The Kogi state government spent 1.5billion yearly UBEC counterpart found for four (4) consecutive years totaling 6billion. For the supply of learning aids and ICT centre  built for pupils across the 21 LGAs. Yahaya Bello administration has dropped the percentage of out -of -school -children to single digit. The establishment of the confluence university of science and technology (CUSTECH) osara. And also Health Science And Technology Obangede was granted full accreditation to four years training programs, medical laboratory science, Community Health Extension, Health Information Science and Pharmacy Technicians. For the reason, he made Education one of his priority agenda. So far his government has spent a lot on education, and has also approved payment of NABTEB exams fee for all the 2000 SS3 student f Government Technical College along the state.

Farming
In terms of farming, the yahaya Bello administration had also prioritized agriculture as one of its valued agenda.within the last five years, it procured over 10,000 metric tons of fertilizer for kogi state farmers and has sponsored 2,000 students for farming on better farming mechanisms, over 20,000 farmers were recipients of the fertilizers. The largest Rice milling factory in Northern Nigeria at Ejiba, was established under yahaya Bello administration with the capacity to produce 50 tons of 50 kg rice  and engage 5,000 youths direct and indirect labour. Nursery farms at kaba, lokoja and ochaja have all been established for raising cocoa, cashew and oil palm seedlings for farmers in the state. Over 600 youths were engaged in pruning of 6,510 stands of oil palm trees at Aloma and slashing of 40 hectares of land with N3million investment in Agro-allied companies. The yahaya Bello administration distributed 140 Massey Ferguson tractors to the farmers across the 21 LGAs. The kogi state with the intervention of World Bank has empowered 4000 persons, youths and women in the agro-processing, productivity enhancement and livelihood improvement support (APPEALS) and International Found For Agricultural Development (IFAD) to boost agriculture and food security in the state.

Security
The Kogi state government has over time ensured that the security sector in the state established accountable security institutions which transparently supply security as a public good via. This has led Kogi state government enjoying a peaceful atmosphere as a result of synergy between all the military deployed to the state. Their synergy has rid the state of previously endemic crimes such as kidnapping, banditry, arm robbery and similar social vices. The yahaya Bello administration has constructed operation Base for the Nigeria Army that cost N200million and the logistics of 410 operation vehicles purchased between 2016 and 2017. Trained and recruited 3,000 vigilante corps . Distributed 360 motorcycles and 20 Hilux vans to the vigilante group. Buy 10,000 phones to citizens for Vigiscope for quick emergency reports. 441 youths were engaged in recruitment and training constabulary into the Nigerian Police Force. The yahaya Bello administration has demolished the properties that serve as hideout for criminals and kidnapers in kogi state.

Controversies

Electoral fraud, incitements to violence, and US visa ban 
On the September 14, 2020, Bello was among a list of politicians placed on visa ban by the United States Department of State for undermining democracy in Nigeria. While activists praised the decision and called on other developed nations to impose similar bans, Bello accused the United States of partisanship and claimed the 2019 Kogi State gubernatorial election was mostly peaceful and fair. Despite his claims, the election had significant reports of violence and fraud along with claims that Bello incited the violence with a 'ta-ta-ta-ta' chant that imitated the sound of gunfire.
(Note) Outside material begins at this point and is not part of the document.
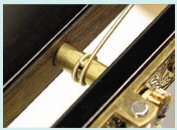
3. Here's the big difference: one wrap goes on the inside, the rest of the wraps go on the outside of the string end, toward the tuners.

In 2020, Bello repeated the 'ta-ta-ta-ta' gunfire chant in Akure, Ondo State while addressing a rally for Rotimi Akeredolu's re-election campaign. The chant was condemned by the PDP who then accused Bello of organizing thugs to intimidate Ondo voters. Bello denied the claim and accused the PDP of spreading misinformation.
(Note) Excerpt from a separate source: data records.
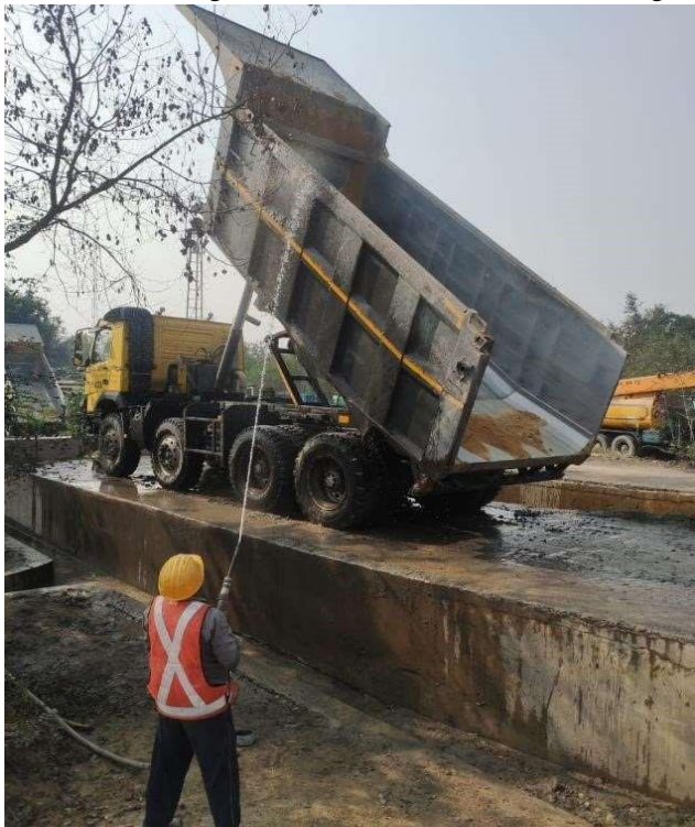
Fig 07 - Designated washing point, next to ETP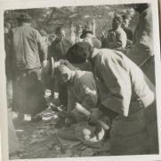
Kowtowing and burning incense at temple. 1933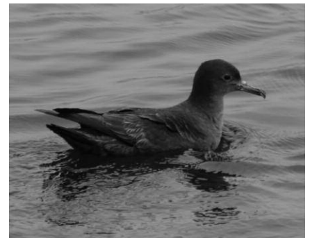
This photograph of a Sooty Shearwater was taken off the Kona coast of the Big Island of Hawaii 24 April 2008.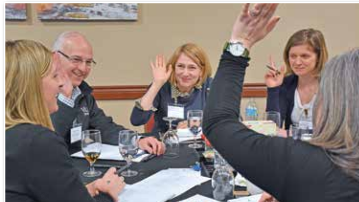
In March, the Conference of Sacred Heart Education organized a mini-conference for the communications staff members from the 24 Network Schools. With the coming of the Bicentennial, it was a wonderful time to discuss the opportunities and challenges of communicating our mission on digital platforms. There were presentations from the Conference, Network Schools, and province members and staff.

COVID-19 denial and opposition to vaccines 
At various points during the COVID-19 pandemic, Bello either falsely claimed the virus was 'an artificial creation' or simply denied the virus' existence while his state government suppressed testing and fought with the NCDC to keep case numbers artificially low. Bello also refused to wear a mask at public events, including after a Governors' meeting with President Muhammadu Buhari and at the funeral for Tolulope Arotile. At memorial prayers for Kogi State Chief Judge Nasir Ajanah, who died of COVID-19 on June 28, 2020, Bello falsely claimed that Ajanah had not died of COVID-19 and said "whether medical experts and scientists, believe it or not, COVID-19 is out to shorten the lifestyle of the people, it is a disease propagated by force for Nigerians to accept."

In October 2020, Bello said that he had rejected a ₦1.1 billion support fund for Kogi State from the World Bank because of his belief that COVID-19 is a “glorified malaria”. He also said that “I rejected the World Bank fund because I do not believe in COVID-19. Even the five cases reported in Kogi State is an NCDC creation." This claim was despite his own admission that Kogi State had already received ₦1 billion from the Federal Government for COVID-19 recovery.
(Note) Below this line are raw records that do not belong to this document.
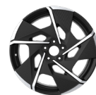
18" Granite Black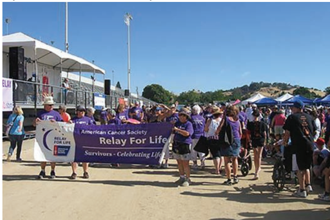
American Cancer Society, Relay for Life, in Vacaville, California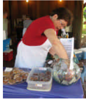
Caught with her hand in the....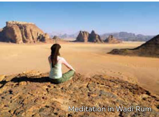
Meditation in Wadi Rum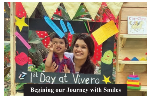
Beginning our Journey with Smiles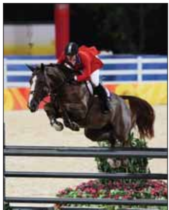
McLain Ward and Sapphire Team Gold Medalist 2004 Athens Olympic Games 2008 Beijing Olympic Games

Riders will receive two hours of clinic instruction for two days, as well as breakfast and lunch daily, one complimentary auditing seat, stabling at Hamilton Farm, and initial bedding. Auditors will have the opportunity to observe all clinic sessions and will receive breakfast and lunch daily.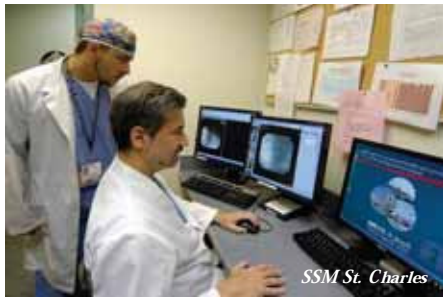
SSM St. Charles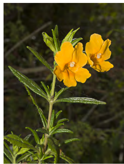
BUSH MONKEYFLOWER (Mimulus aurantiacus var. aurantiacus) Native Perennial - Lopseed Family - (Mar-Jun) - Disturbed areas, coastal cliffs, canyon sides - Shrub 4-60". Flowers yellow, orange or red; 1-2.3" long; bract tube glabrous.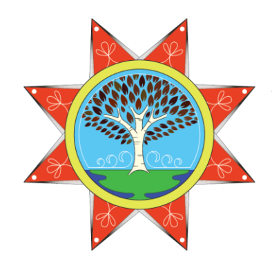
A'fis ujit l'nueyey kina'matmkewey

Litposuwakon'Ciw Skicinuwi-Kehkiketuwakon

In his 2020 New Year's Eve address, Bello dismissed the rising second wave of COVID in Nigeria, saying "we remain determined as a government not to respond to the highly controversial second wave with mass hysteria" and claimed that Kogi was "coronavirus-free." This statement was as Kogi State still was not conducting tests and therefore not finding cases.

Bello opposes vaccinations, contrary to the scientific consensus that vaccines are safe and effective. During the rollout of COVID-19 vaccinations, Bello falsely claimed that vaccine makers “want to...introduce the disease that will kill you, God forbid” and refused to take the COVID-19 vaccine. These comments were shown as an example of purposeful misinformation around vaccines and led to widespread condemnation, including by the Nigeria Governors' Forum.

Fake Honorary Professorship scandal 
In April 2021, Bello claimed to have received a Honorary Professorship in "Humanitarian services, Human Resources Management, Peace Building" from the St Thomas-a-Becket University according to Kogi State Commissioner for Information Kingsley Fanwo. However, investigation by Sahara Reporters found that the St Thomas-a-Becket University neither awards recognised UK degrees nor has any courses in humanitarian services, human resources management, and/or peace building.

Corruption allegations

Security fund and office renovation 
In his first few days as Governor, Bello approved the spending of a total of ₦260 million in security funds in multiple installments. On his first day (January 27, 2016), Permanent Secretary in the Government House Ilemona John requested approval for spending ₦15 million in security funds and Bello approved it two days later; on February 2, John requested approval for another ₦20 million in security funds and Bello approved it on the same day. On February 3, John again requested approval for spending, asking for ₦5 million as the security fund "has just been exhausted" with Bello approving it on the same day. Later on February 3, John asked for ₦20 million to "replenish" the fund and Bello granted immediate approval. Finally, on February 8, John requested ₦100 million twice with Bello immediately approving the spending both times.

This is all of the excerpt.